Still, celebrity shoplifting is a source of hilarity, not outrage.
We don't know why he stole some coleslaw when he was buying hundreds of pounds worth of champagne at the same time. We don't know why Tesco watched him do this five times before they decided to step in.
Since being caught stealing, according to him, he cries himself to sleep. He has all kinds of deep-rooted psychological difficulties from childhood abuse, to his business collapsing, to bereavements and goodness knows what else. He is now going to get the treatment he needs. It's a shame we don't have Shoplifters Anonymous as they do in America. Celebrity shoplifting is seen as a cry for help across the Atlantic. Embarrassing? Yes. Evil? Not so much. Who can forget the "Free Winona" T-shirts?

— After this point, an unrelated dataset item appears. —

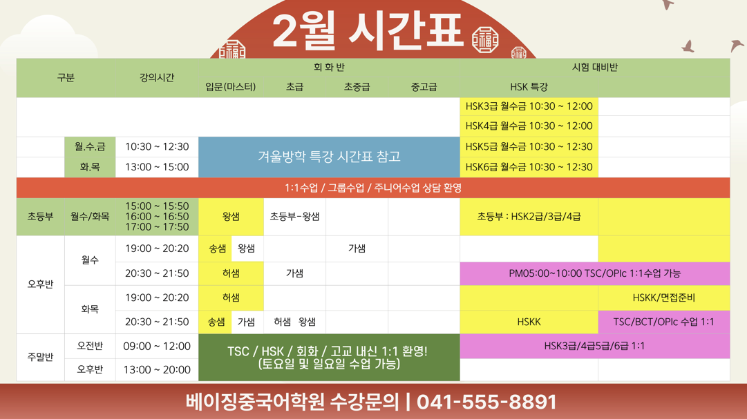 2월 신규수강생의 경우 레벨테스트 후 ‘신규 개강반’ 또는 ‘기존 수업 진행반’ 中선택

These people don't steal because they need stuff that they just can't afford. They steal because they are stressed/addicted to painkillers/have a deep desire to be loved. Fair play, I kinda understand that. But everybody wants to be loved, including me, but I don't feel the need to go wandering around the aisles in my local supermarket looking for it.
It seems to me that it's so much easier for people to blame what they do on some sort of mental illness or stress or pressures at work than actually take some responsibility for their actions. I'm no expert, far from it , despite suffering from a mental illness myself, and I am sure that shoplifting may be some symptom or reaction to some buried psychological problem that is buried deep down, but what if it is just in fact well, stealing?
While celebrity shoplifters are seen as rather amusing in the media, when it is just us "normal folk" that decide to fill our trolleys without paying, it becomes this outrage in society. Seems to me there is some sort of double standards going on here. One rule for them and another for everyone else. What is fair about that?